Съ этими словами госпожа Зибель встала съ своего мѣста у конторки, отодвинула въ сторону счетныя книги и приготовила для Евы листъ бумаги. Ева не шелохнулась.

-- Ты ошибаешься; это не ребяческая ссора, которая можетъ улечься. Я готова доказать тебѣ свою благодарность за твое расположеніе всякимъ инымъ способомъ, но письма не напишу.

-- Такъ я напишу его.

-- Этому я не могу препятствовать.

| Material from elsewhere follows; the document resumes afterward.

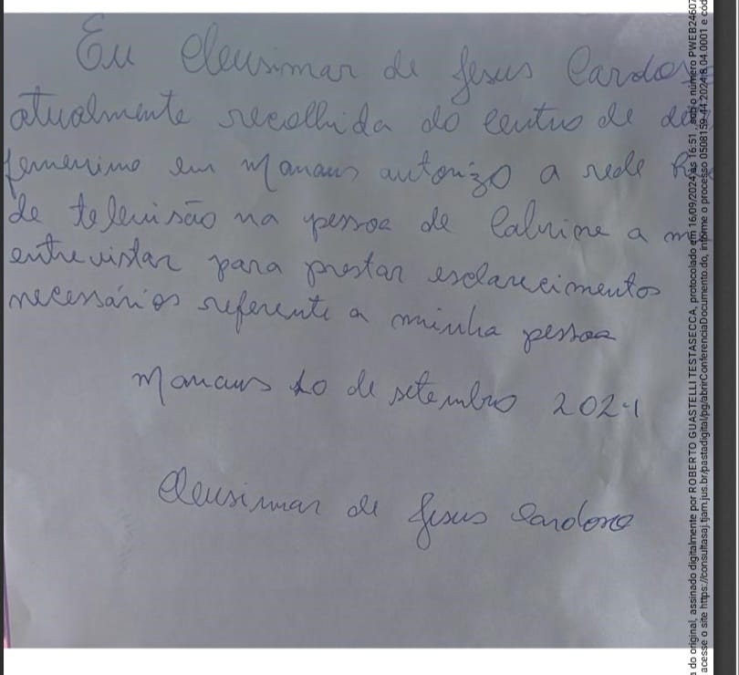 A autorização para a entrevista, escrita à mão por Cleusimar em um documento datado de 10 de setembro, foi recebida com grande expectativa. “Quero prestar esclarecimentos à sociedade sobre a minha pessoa”, afirmou a mãe em sua carta.

Я только считаю долгомъ сообщить тебѣ, что поклялась господину Лезеру, что его появленіе въ домѣ прогонитъ меня отсюда навсегда.

Фрау Зибель язвительно захохотала.

-- Мнѣ кажется, ты просто съ ума сошла. Однако, дѣло становится интереснымъ. Теперь мнѣ настоятельно хочется узнать то капитальное преступленіе, которое совершилъ относительно тебя бѣдный Эгонъ.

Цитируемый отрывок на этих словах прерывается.